Graph based Quality Analysis
"About 80 percent of avoidable rework comes from 20 percent of the defects.
About 80 percent of the defects come from 20 percent of the modules, and about half the modules are defect free.
About 90 percent of the downtime comes from, at most, 10 percent of the defects." - Barry Boehm, Victor R. Basili
Identifying and controlling this 20% of source code elements is a foremost tasks in ensuring software quality and generally software maintainability.[Pareto Analysis]
Given the huge size of softwares being developed the methods chosen to identify these key sources is of prime importance.
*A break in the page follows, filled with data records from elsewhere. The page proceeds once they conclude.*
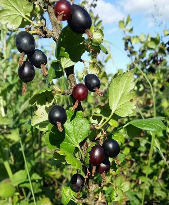 Starší ruská odrůda s téměř černými plody a pravou angreštovou chutí.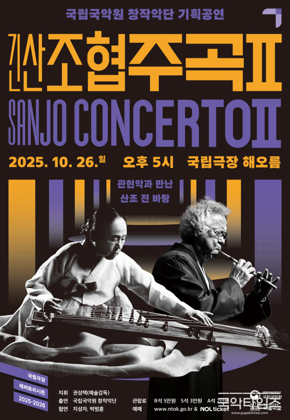 국립국악원 창작악단 기획공연 《긴산조 협주곡Ⅱ》는 오는 10월 26일(일) 오후 5시 국립극장 해오름극장에서 열린다. 예매는 국립극장 누리집(www.ntok.go.kr) 또는 NOL 티켓(tickets.interpark.com)에서 가능하며, R석 5만원, S석 3만원, A석 2만원이다. 문의 02-580-3300.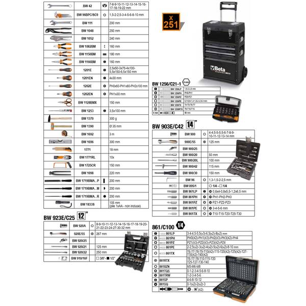 Beta Worer Trolley portautensili BW C43 con assortimento di 212 utensili universali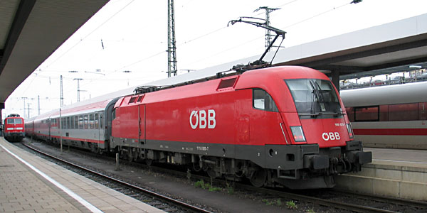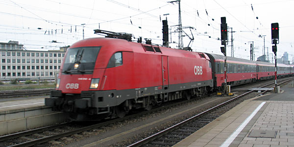Nürnberg Hbf, 15 augustus 2005. Twee Taurussen van de ÖBB lopen aan het eind van de dag binnen met een lange trein uit Oostenrijk. De twee locomotieven zijn multiple geschakeld, dat wil zeggen dat ze allebei tractie leveren. Ze worden vanuit de voorste locomotief bediend; de twee locomotieven zijn door middel van een stuurstroomkabel (die onder de hele trein doorloopt) met elkaar verbonden. Zou de achterste loc geen tractie leveren maar meegesleept worden, dan zeg je dat deze loc in opzending meerijdt. Multiple rijden kan natuurlijk ook als beide locomotieven aan de voorkant van de trein zijn gekoppeld. Zie de foto's hieronder. |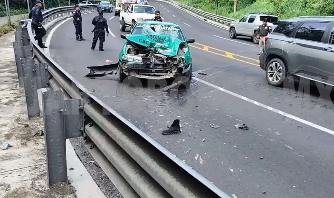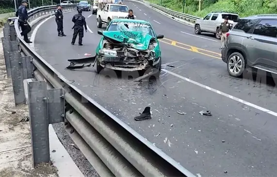Dos personas que se desplazaban en una motocicleta resultaron lesionadas al impactar de frente contra un taxi, en el tramo carretero Tapachula-Tuxtla Chico, en la demarcación tapachulteca, dejando también daños materiales por varias decenas de miles de pesos.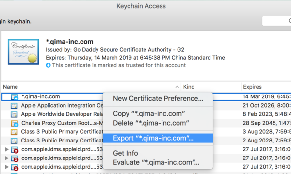 第一步:从 「Keychain Access」中导出一个证书,格式选择 pem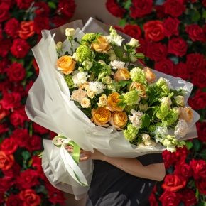 Букет "Персиковый десерт" из вибирнума, эустом, микса роз и диантусов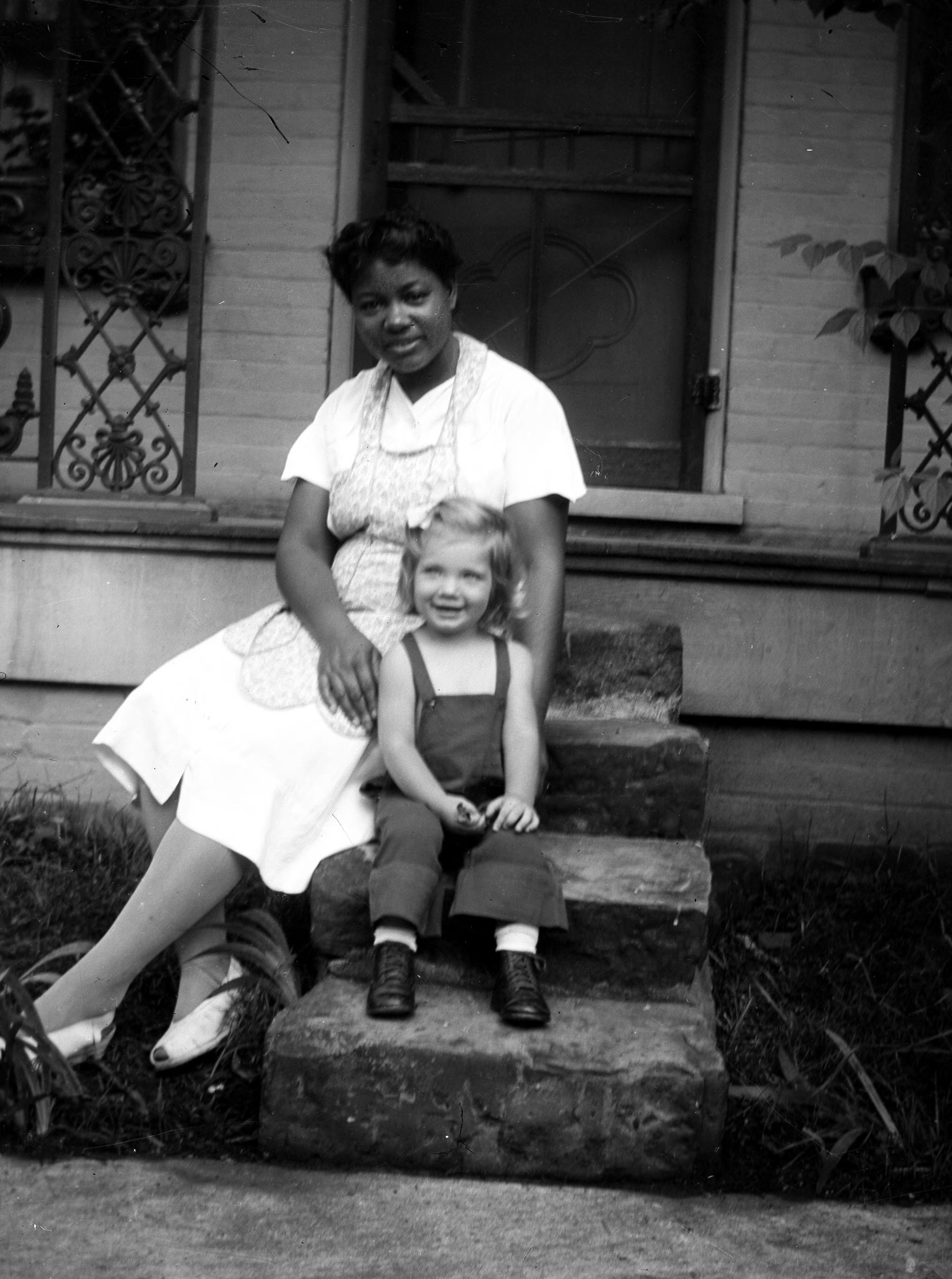 Jane Owen and nanny, sitting on the porch steps. Jane is the great-great-great granddaughter of Robert Owen,""the Welsh social reformer and owner of the celebrated textile mills in New Lanark, Scotland. Robert Owen purchased the town of New Harmony in 1825, creating a Utopian community in the hope of bringing educational, and social opportunities to every man, woman and child." (http://www.nytimes.com/2002/05/02/classified/paid-notice-deaths-owen-kenneth-dale.html_).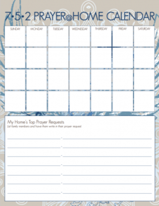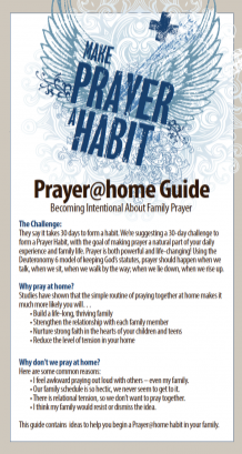 Take the challenge to make prayer a habit in your home. Click the icons below for the Prayer@home Prayer Guide and a 7.5.2 Prayer Calendar.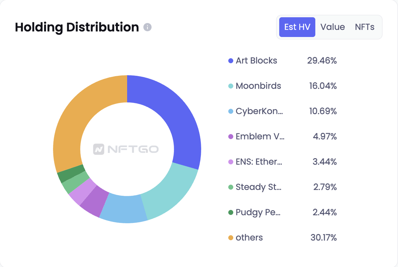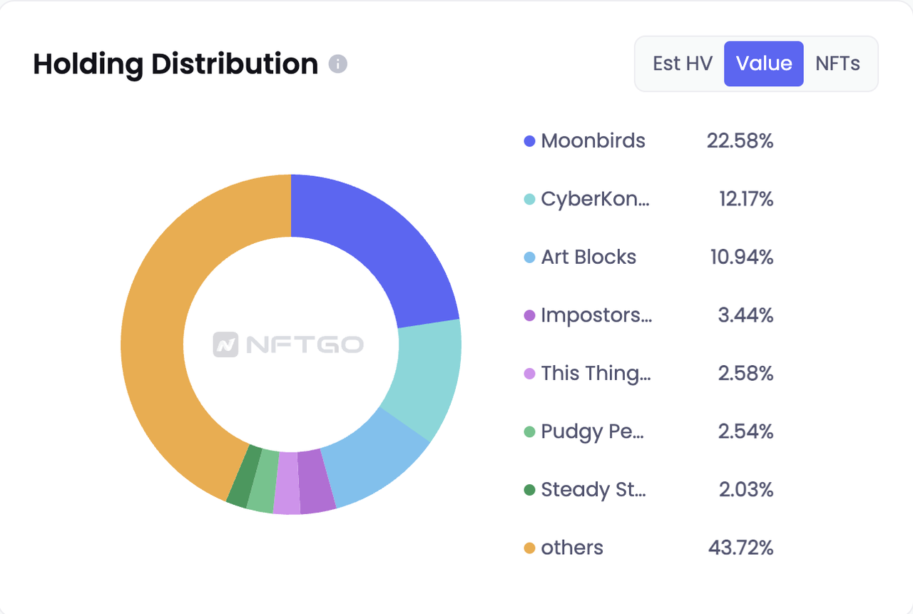 현재 보유 중인 NFT의 추정치에서 Art Blocks를 제외하면 Moonbirds는 해당 주소가 보유한 NFT 총 가치의 16.04%를 차지하며 2위를 차지한다. Moonbirds는 PROF에 의해 출시된 조류 기반의 NFT의 컬렉션이다. 또한 각 NFT는 개인 클럽 회원권, Moonbirds IP의 2세대 자격 등 많은 혜택을 받을 수 있다.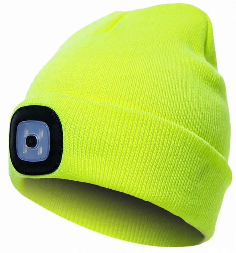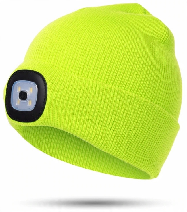 Вязаная зимняя шапка со съемным перезаряжаемым светодиодным фонариком.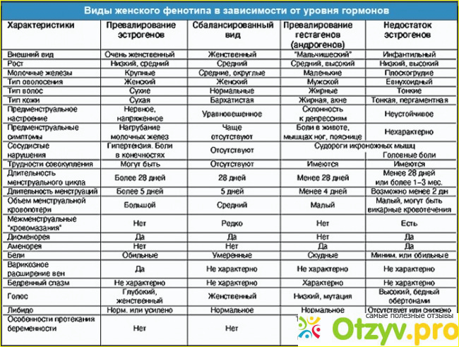 Так, женщины могут иметь повышенное содержание эстрогенов, женских половых гормонов, или же наоборот - прогестерона, мужского гормона. Определить это несложно исходя из внешних признаков - достаточно воспользоваться таблицей, приведенной ниже.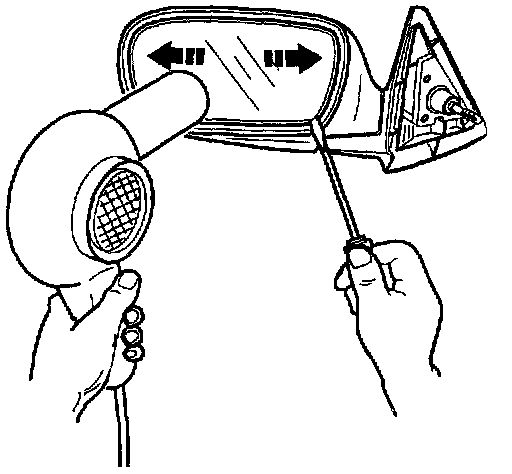 4. While applying a slight amount of pressure with the tool, heat the mirror glass until it becomes loose.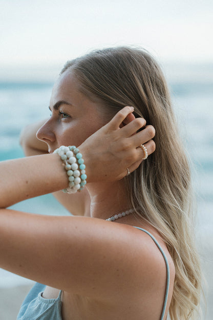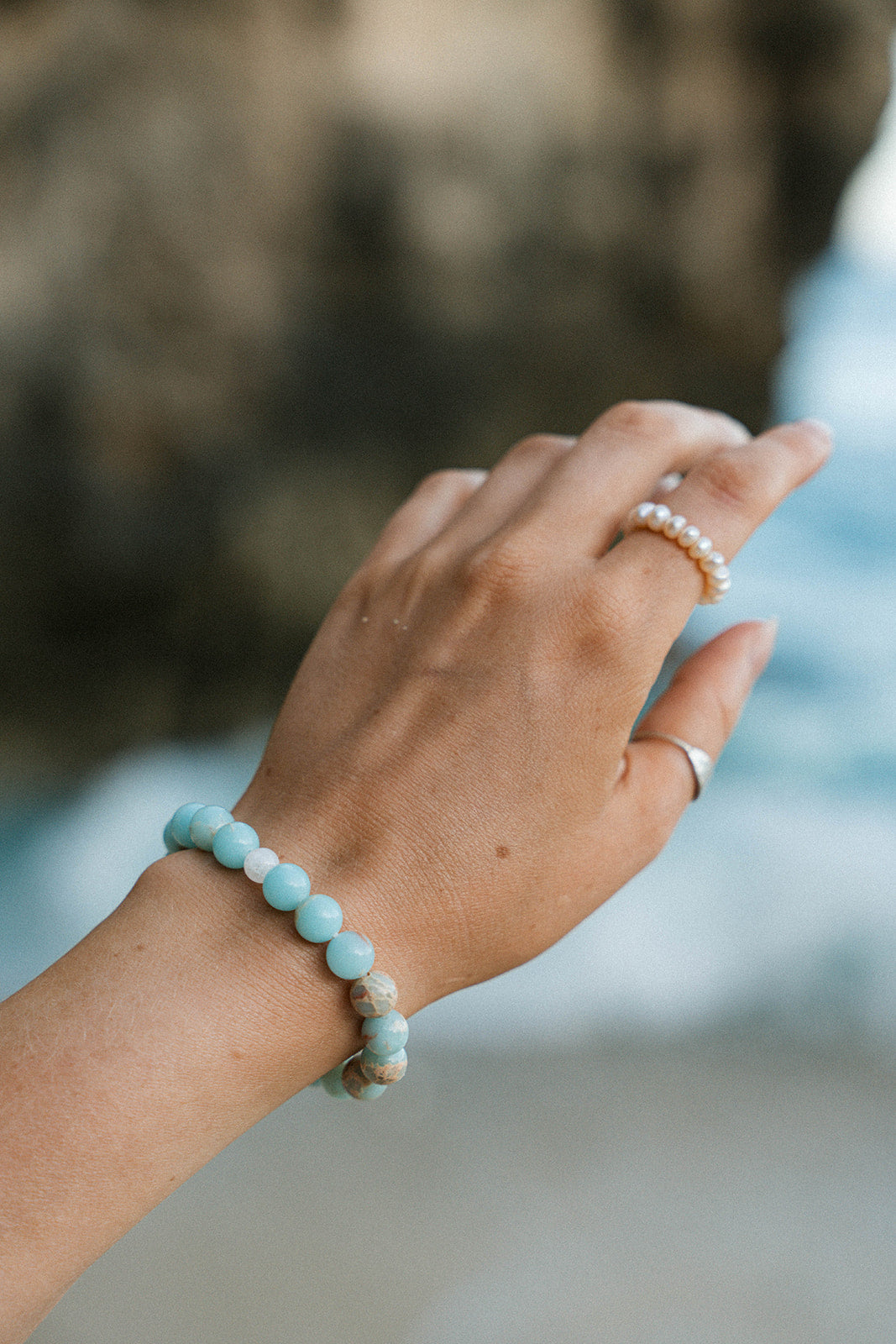 Wrap your wrist in the serene beauty of this Blue Snakeskin Jasper bracelet, a piece that perfectly embodies balance and harmony. Known for its ability to align the mind, body, and spirit, this bracelet promotes an atmosphere of peace and clarity.
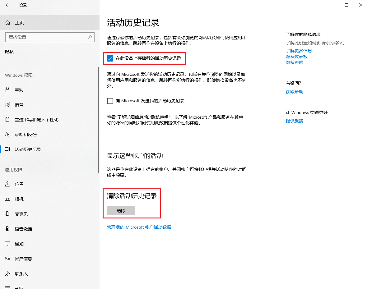 此操作仅能清除本地帐户的活动历史记录。登录微软帐户会导致隐私记录同步至本地帐户,本地会出现无法删除的情况,可以在微软官网进行清理。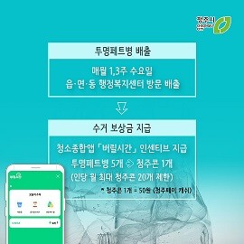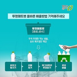 시 관계자는 “단독주택의 경우 투명페트병은 일반쓰레기, 유색 플라스틱 등과 섞여 버려지고 있는 실정”이라며, “시민들께서도 투명페트병 별도배출에 대해 관심을 갖고 적극적으로 참여해 주시기 바란다”고 말했다.

Its is advice-able to use proven software metrics to identify these resource. For e.g. NLOC or Number of Source Lines in a module has been used to identify important modules of the software.
But with evolution of programming languages NLOC can no longer be used for this purpose. Metrics like Cyclomatic Complexity, SEI Maintainability Index, Coupling Between Object(Object Oriented Oriented Metrics) provide better insight to the importance of a module or piece of code.
Swat4j advocates the use of software metrics to identify and understand the important source code artifacts. For eg. a class with high CC(cyclomatic complexity) and high coupling(CBO) and high RFC(Response for Class) is bound to be complex and the important controllers of an application.
Swat4j provides a graph based quality analysis perspective, with which it is easy to visualize,reflect and identify the key modules/classes.